23-12-2011, 08:55 PM
Quote:Because I think there needs to be something to work towards. There needs to be a reason that you want to improve as a player and become the best of your age category. After achieving this status it's unfair to have the opportunity pulled from under your feet - just because you don't happen to be a very strong player. I know that I would personally be gutted if I had the chance to play for my country but some technicality (like grade) prevented me from doing so.

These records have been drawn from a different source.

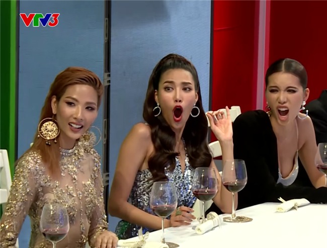 Chứng kiến cảnh Quỳnh Như "càn quét" bàn tiệc và làm đổ ly rượu, Lan Khuê đã thét lên một tiếng đầy kinh ngạc. Tuy nhiên, hành động của Hoa khôi Áo dài 2014 lại gợi cho nhiều khán giả nhớ tới biểu cảm tương tự của đàn chị Hồ Ngọc Hà tại The Face mùa đầu.
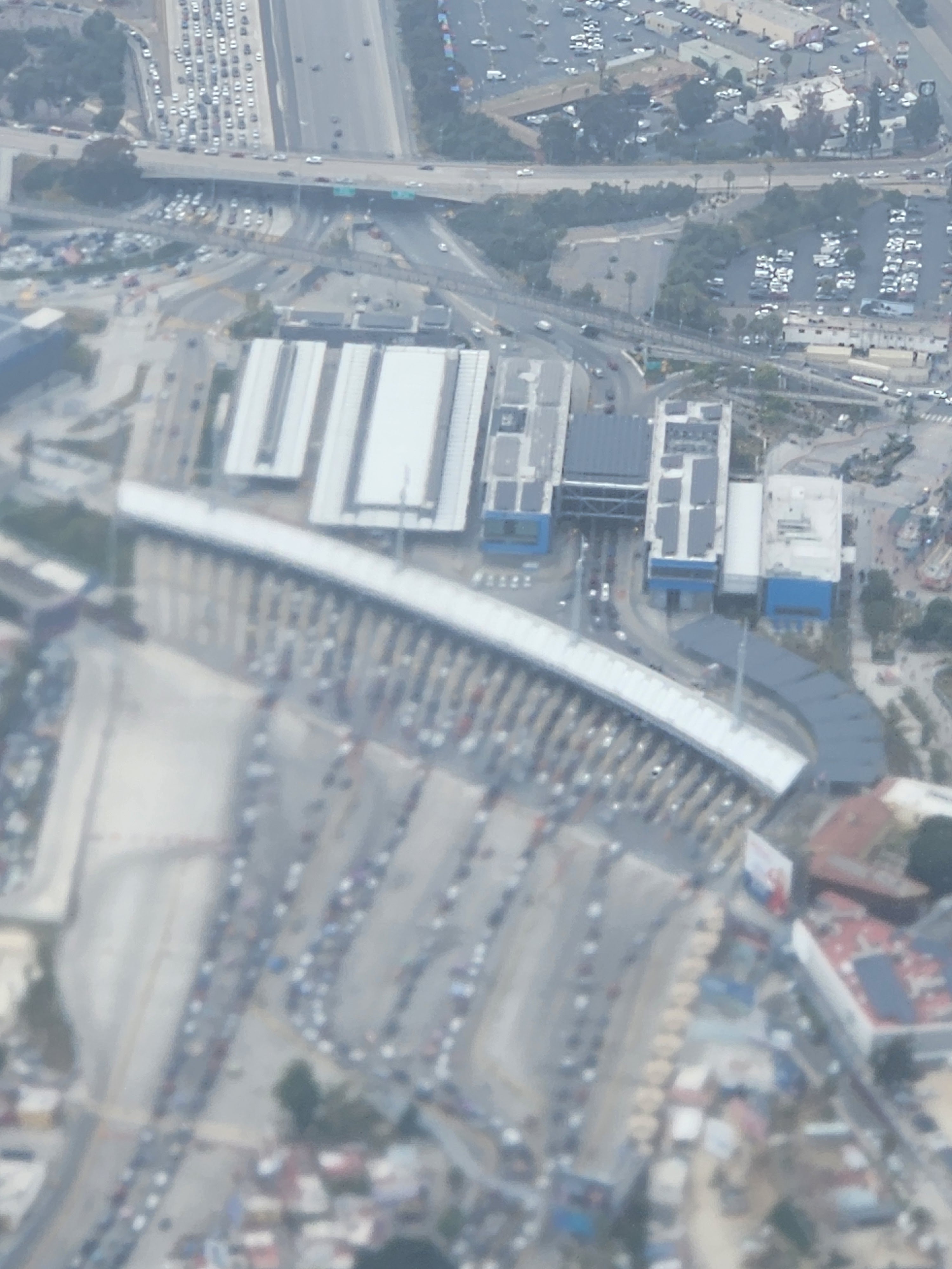San Ysidro border crossing from the air. One of the largest in the world. And this guy is very happy to be back in La Paz.
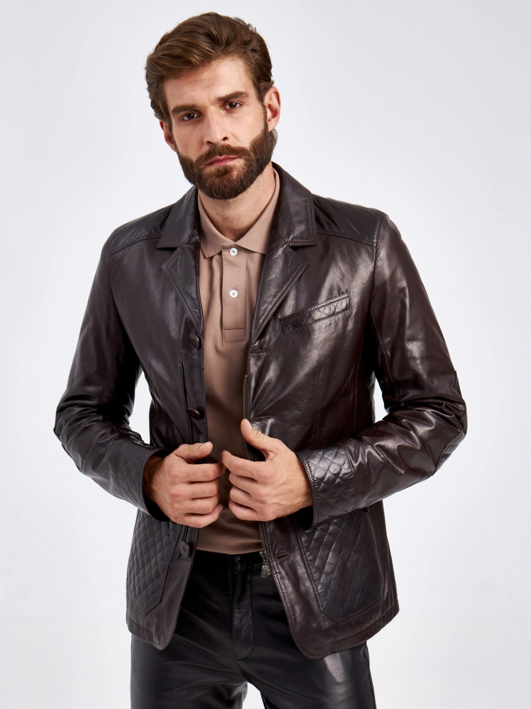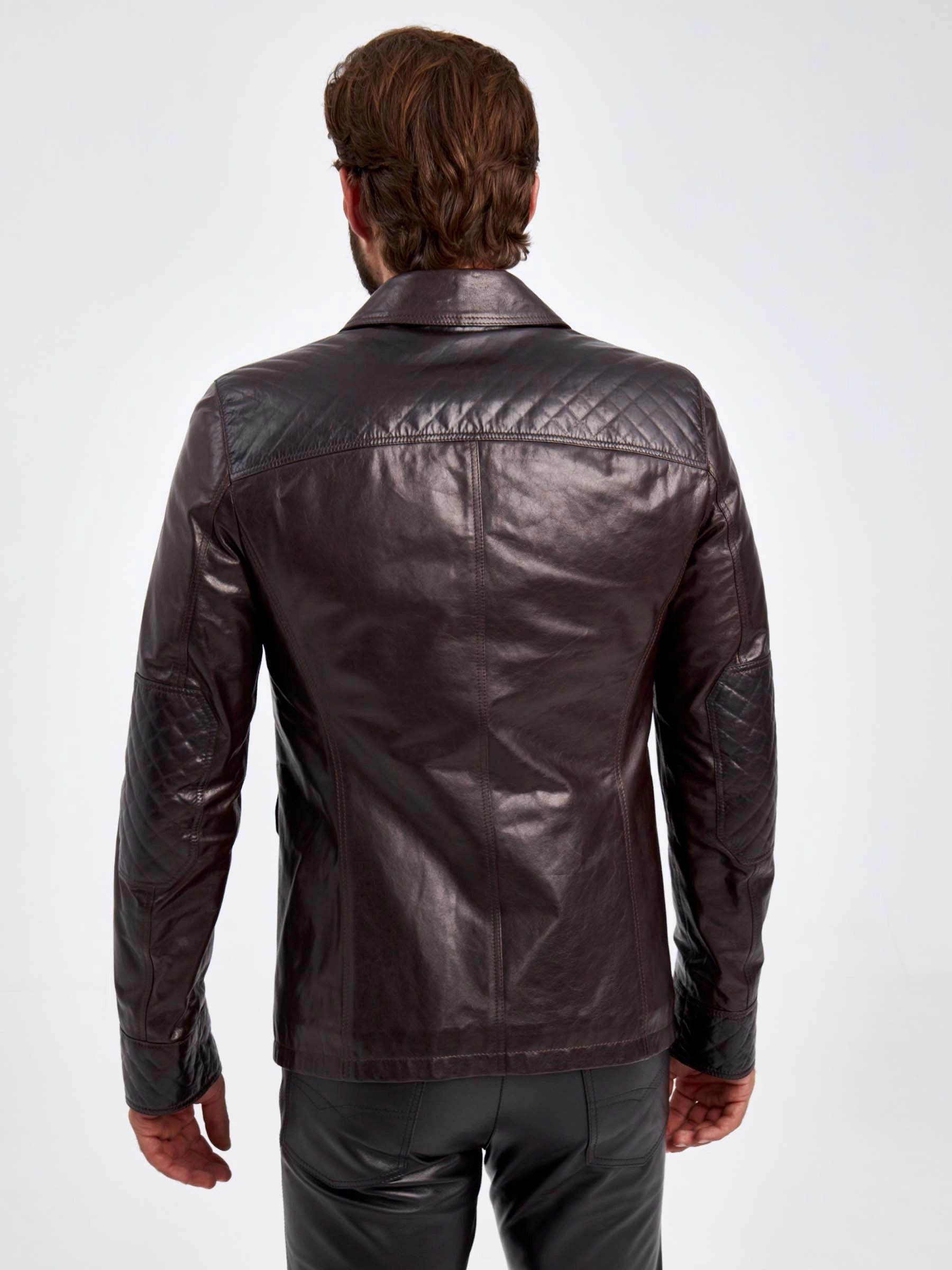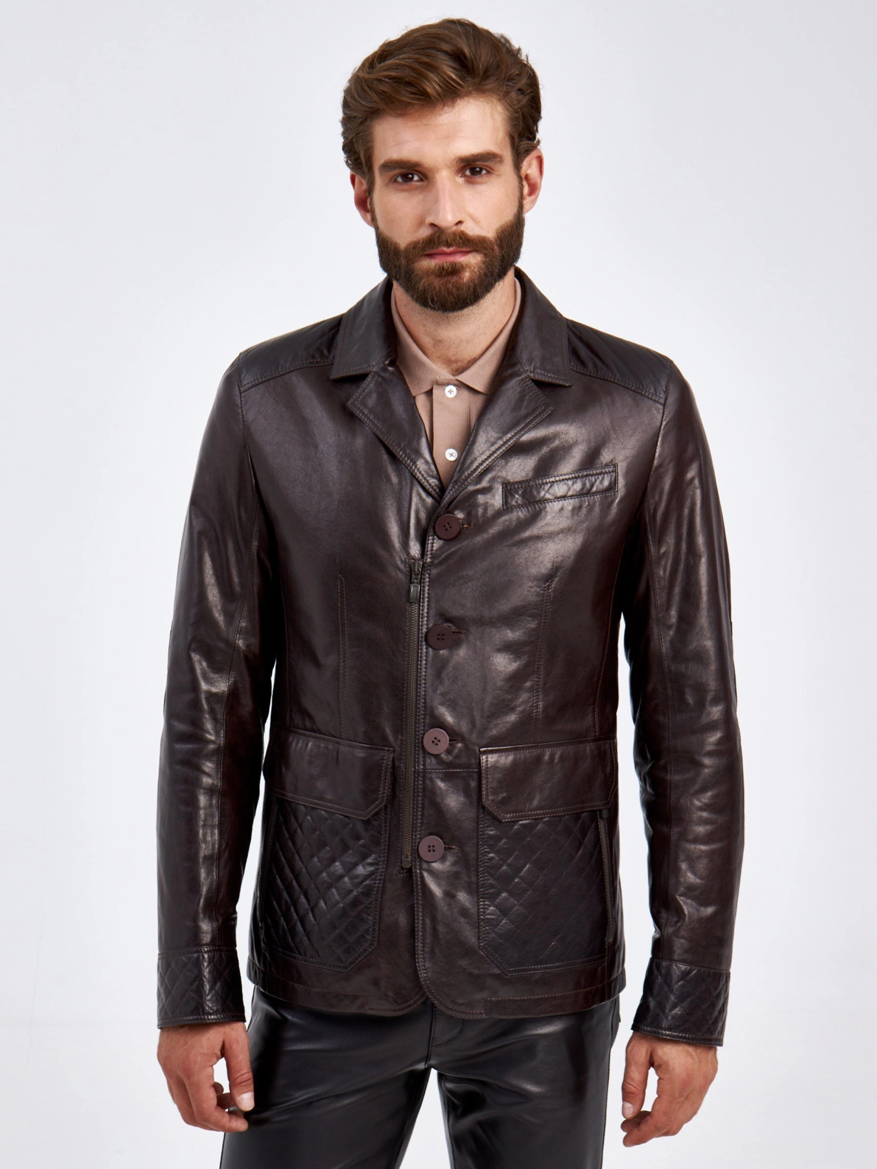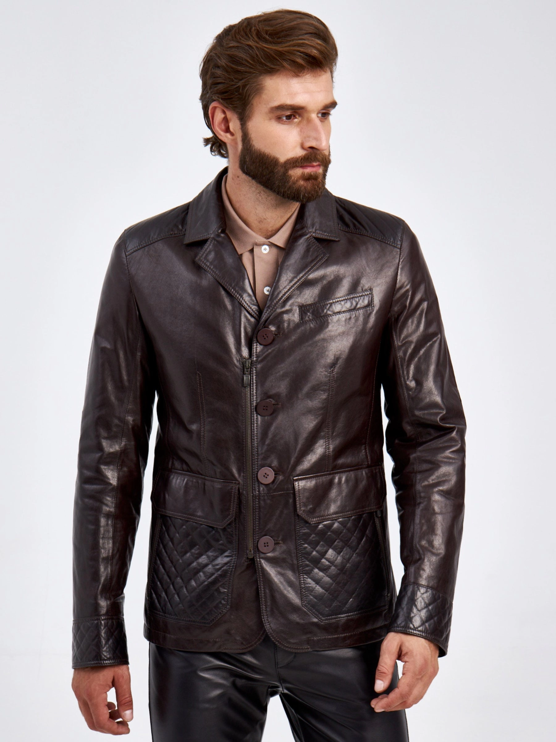 Утепленный мужской кожаный пиджак 530ш, коричневая, размер 50, артикул 29130
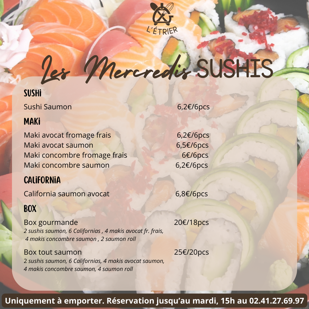 Chaque mercredi soir, retrouvez les soirées sushis.
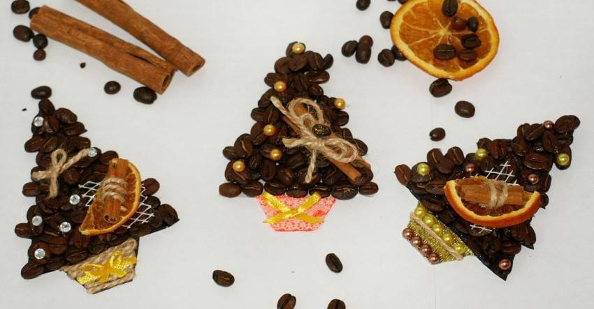 Новогодние поделки из кофейных зерен можно использовать для украшения дома к празднику. Это могут быть не только стилизованные елочки, но и оригинальные имитации шишек или колокольчиков, украшенные зернышками кофе.

I think this is the core of the issue: I think absolute strength is more important than relative strength within an age-group when deciding who gets to go where. Isn't 'reach such-and-such a playing level' a more meaningful target for players to aim at than 'be higher rated than such-and-such-a-player'? Some age-groups are stronger than others, which means that where players are in terms of grading tells us more than where they are in terms of how highly they rank in their age category. When I was a junior, I was fairly consistently the strongest player in my age-group (those born in 1988), but there were a few players both one year younger and one year older who were stronger. If, for instance, Colin Hall and Steven Tweedie hadn't played the game, then I might have been the strongest player in age categories quite often, but that wouldn't have made me any more deserving of international selection. Had I been 300 points higher-rated, that would have been a different story.
Fundamentally, I think that whether players are selected for events like the European and World Youth should be a function of their strength, not of the strength of their peer-group. They should absolutely be targets to aim for - tangible targets where it's clear that what you have to do to achieve selection is to play at a certain level, irrespective of the results of other players.